Fashion is a 2008 Indian drama film directed by Madhur Bhandarkar and produced by UTV Motion Pictures. The film features Priyanka Chopra in the lead role, with Kangana Ranaut, Mugdha Godse, Arbaaz Khan and Arjan Bajwa in supporting roles as well as several professional fashion models playing themselves. Bhandarkar co-wrote the film with Ajay Monga and Anuraadha Tewari. Deven Murdeshwar edited the film while the cinematography was provided by Mahesh Limaye. Salim–Sulaiman composed the musical score, with lyrics written by Irfan Siddiqui and Sandeep Nath. The film focuses on the transformation of Meghna Mathur, an aspiring fashion model played by Chopra, from a small-town girl to a supermodel in the Indian fashion industry.

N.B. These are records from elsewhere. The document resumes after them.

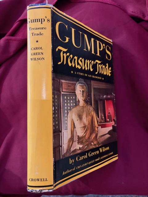 Wilson, Carol. Gump's Treasure Trade. A Story of San Francisco. Photo available. New York. Thomas Y. Crowell. 1949. 288 pps. 4to. Gilt decorated hard cover. First edition. Illustrated in black, white and color. Important reference work. Newspaper photo laid in of a tapestry gift to Gump. Fine copy in fine dust jacket (in mylar).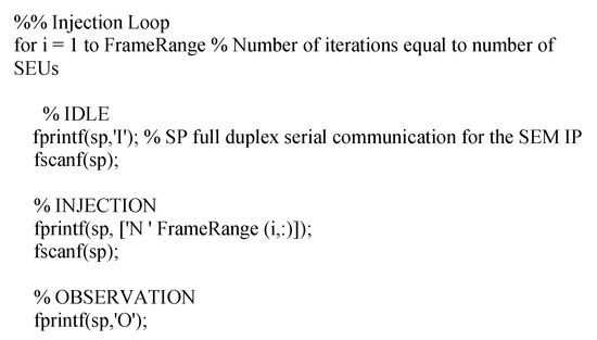 In order to automate the fault injection process, a Matlab script is used for this purpose (Figure 26). The input for the script is the FrameRange file, with all the information about sensitive bits in terms of configuration memory addresses. Each one of the injections (one per address) are sent to the SEM IP controller through the monitor interface as is showed.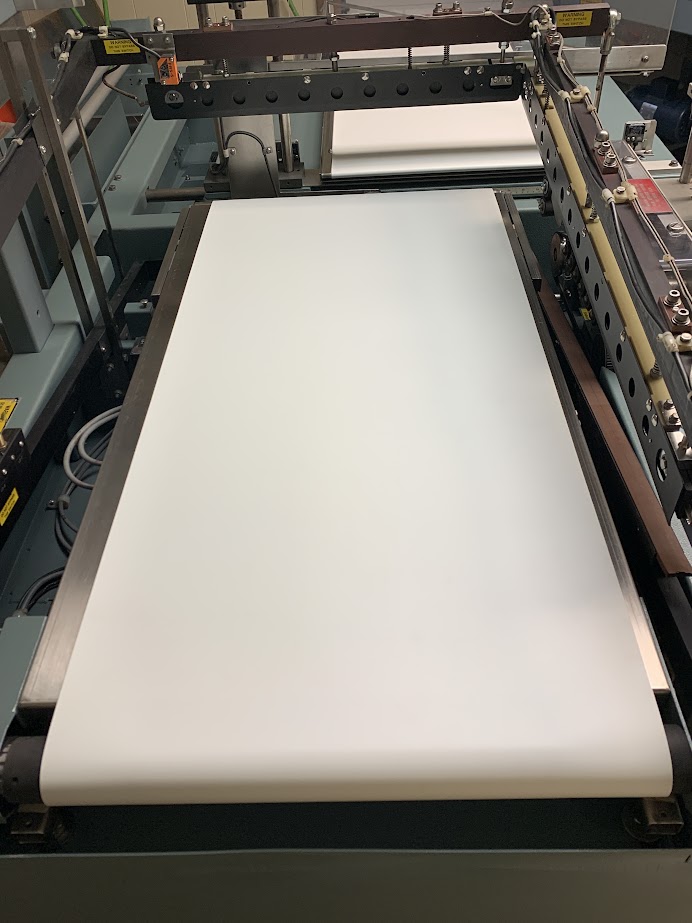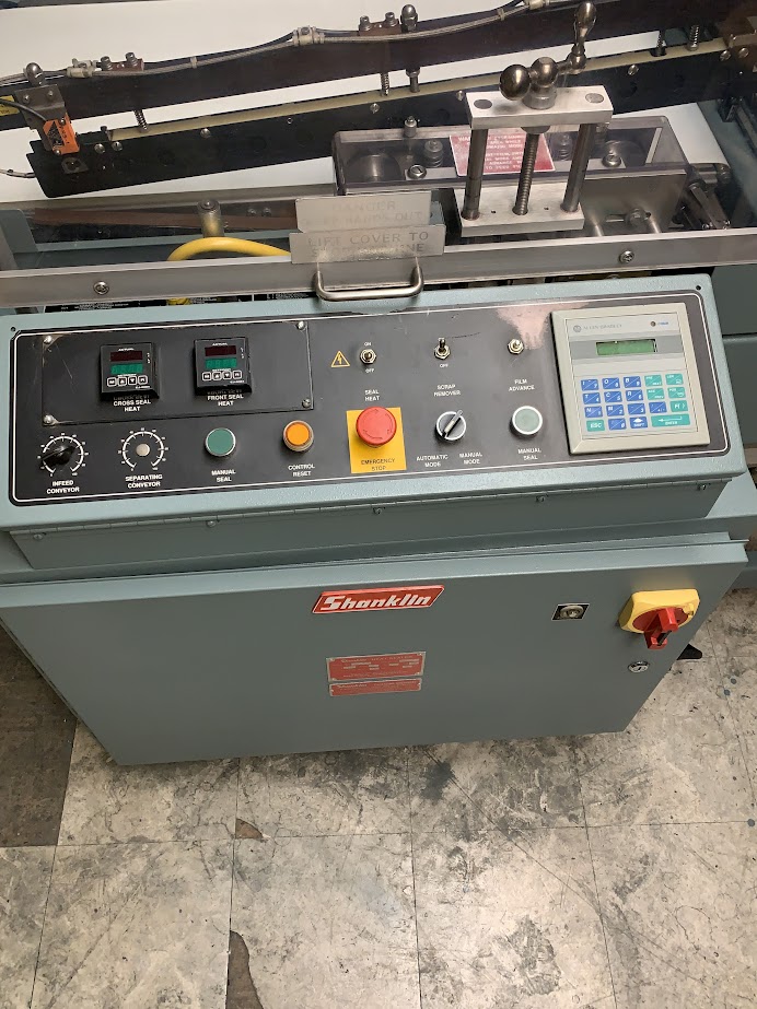 Shanklin A27 A94134 - Has been cleaned and gone over completely. The seal bars have been recoated. The infeed belts and Extending infeed conveyor belts including drive rollers are new. The pneumatics have been rebuilt. This machine is ready for production.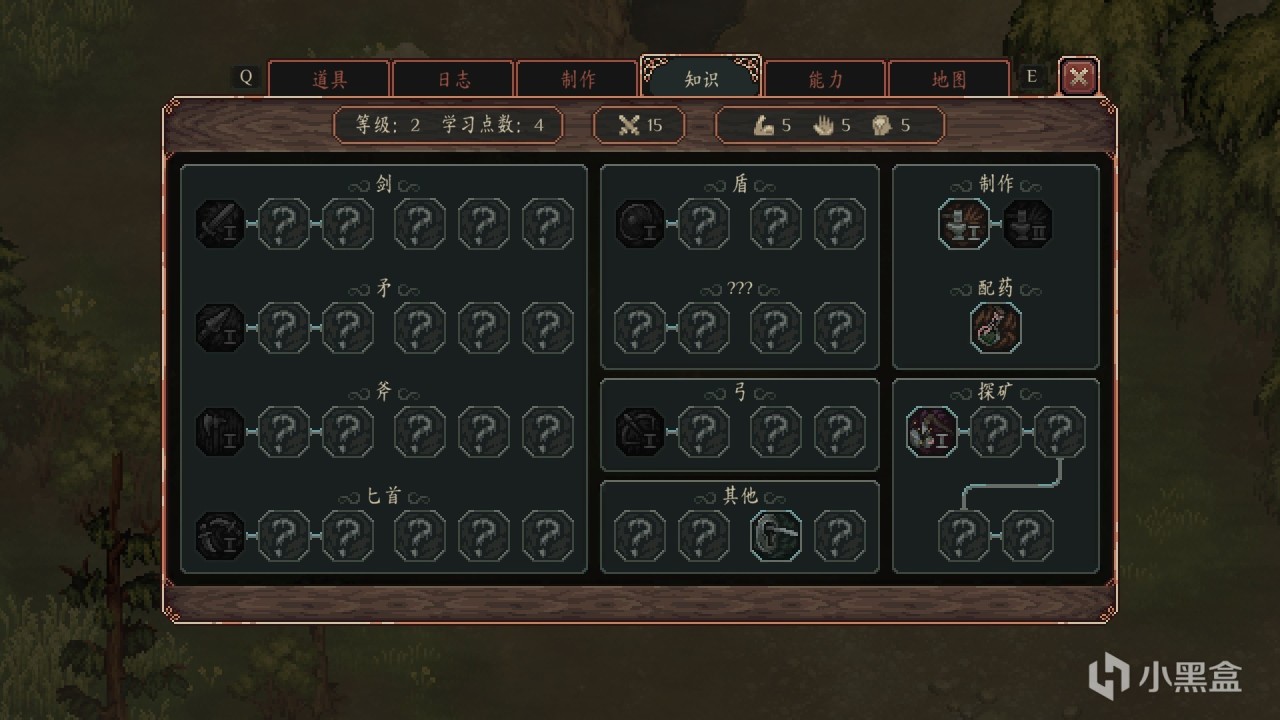 游戏每次升级能恢复全部血量,对于续航十分实用,还能获得学习点数来提升能力值和解锁新知识。这里要注意一下,知识和武器常常需要达到一定的属性值才能学习、装备,所以为了厉害的知识和武器尽力提升属性吧。

Produced on a budget of ₹180 million, Fashion was released on 29 October 2008 to critical acclaim and box-office success. It grossed ₹600 million and was noted for being commercially successful despite being a women-centric film with no male lead. Fashion received various awards and nominations, with praise for its direction, the performance of the cast, screenplay, editing, musical score, and costume design.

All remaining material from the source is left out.